**Given data:**
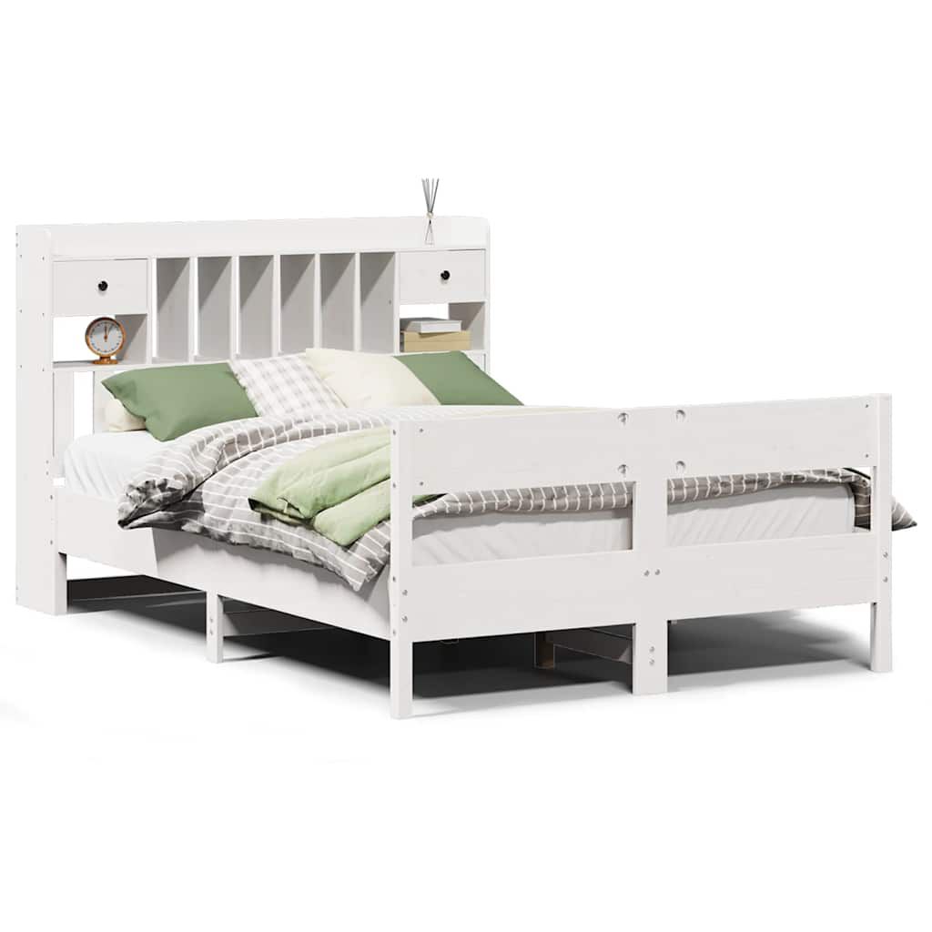 vidaXL fehér tömör fenyőfa könyvespolcos ágy matrac nélkül 140x200 cm
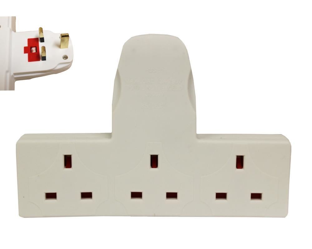 MAINS 3 WAY MULTI SOCKET ADAPTOR NO WIRES EXTENSION WALL BLOCK PLUG 240V 13A
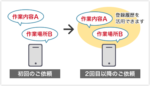 2回目以降のご依頼は、登録済みの作業内容、作業場所を利用して、簡単に紹介申込をすることができます。
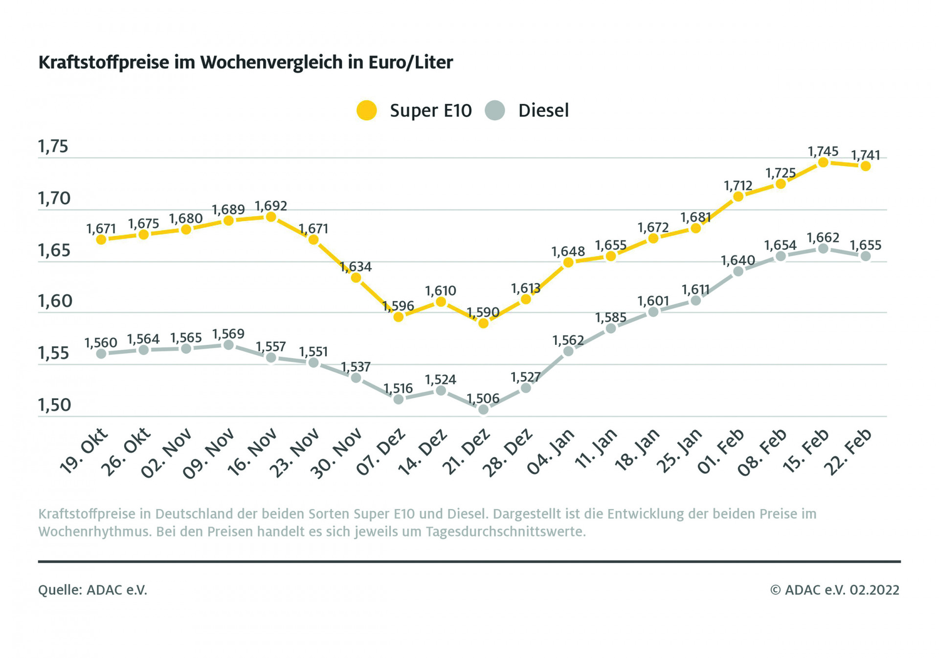 Erstmals seit zwei Monaten sind die Kraftstoffpreise in Deutschland im Wochenvergleich leicht gesunken. Sie liegen aber weiterhin auf einem sehr hohen Niveau. Ein Liter Super E10 kostet laut aktueller ADAC Auswertung im bundesweiten Mittel 1,741 Euro, das sind 0,4 Cent weniger als in der Vorwoche. Auch der Dieselpreis ging zurück. Ein Liter kostet laut ADAC im Durchschnitt 1,655 Euro – ein Minus von 0,7 Cent.
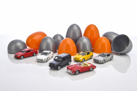 Etwas kleiner aber dafür günstiger sind die Original "Mercedes-Benz Überraschungs-Ei Mini-Flitzer". 7,50 € kostet ein Mercedes-Benz Überraschungs-Ei. Es gibt insgesamt sechs verschiedene Miniflitzer aus Druckguß im Maßstab von 1:60. Welches Modell wo drin ist? Das weiß keiner. Erst die Öffnung des Eis bringt das Modell an den Tag. Und hinterher ist man immer schlauer. Vorher ist nur eines gewiss: Hier kommt auch bei Erwachsenen wieder Spannung bei der Eiersuche auf. Erhältlich sind die Mercedes-Benz Überraschungs-Ei Mini-Flitzer" bei dem ein oder anderen Mercedes-Benz Partner oder HIER im offiziellen Mercedes-Benz Classic Store. Wer im Online-Shop bestellen will, darf nicht zu lang überlegen, denn die Lieferzeit beträgt mindestens zwei Werktage. Und bitte beachten: Auch wenn diese Ostergeschenke sooooo süß aussehen, sind sie nicht zum Vernaschen gemacht! (Bilder: Busch (1), Daimler (3)

**What is being asked:**
Produce an exact copy of the lines from the line containing "Erstmals seit zwei" to the end of the material, both ends included, and omit every picture.

**Response below:**
 Erstmals seit zwei Monaten sind die Kraftstoffpreise in Deutschland im Wochenvergleich leicht gesunken. Sie liegen aber weiterhin auf einem sehr hohen Niveau. Ein Liter Super E10 kostet laut aktueller ADAC Auswertung im bundesweiten Mittel 1,741 Euro, das sind 0,4 Cent weniger als in der Vorwoche. Auch der Dieselpreis ging zurück. Ein Liter kostet laut ADAC im Durchschnitt 1,655 Euro – ein Minus von 0,7 Cent.
 Etwas kleiner aber dafür günstiger sind die Original "Mercedes-Benz Überraschungs-Ei Mini-Flitzer". 7,50 € kostet ein Mercedes-Benz Überraschungs-Ei. Es gibt insgesamt sechs verschiedene Miniflitzer aus Druckguß im Maßstab von 1:60. Welches Modell wo drin ist? Das weiß keiner. Erst die Öffnung des Eis bringt das Modell an den Tag. Und hinterher ist man immer schlauer. Vorher ist nur eines gewiss: Hier kommt auch bei Erwachsenen wieder Spannung bei der Eiersuche auf. Erhältlich sind die Mercedes-Benz Überraschungs-Ei Mini-Flitzer" bei dem ein oder anderen Mercedes-Benz Partner oder HIER im offiziellen Mercedes-Benz Classic Store. Wer im Online-Shop bestellen will, darf nicht zu lang überlegen, denn die Lieferzeit beträgt mindestens zwei Werktage. Und bitte beachten: Auch wenn diese Ostergeschenke sooooo süß aussehen, sind sie nicht zum Vernaschen gemacht! (Bilder: Busch (1), Daimler (3)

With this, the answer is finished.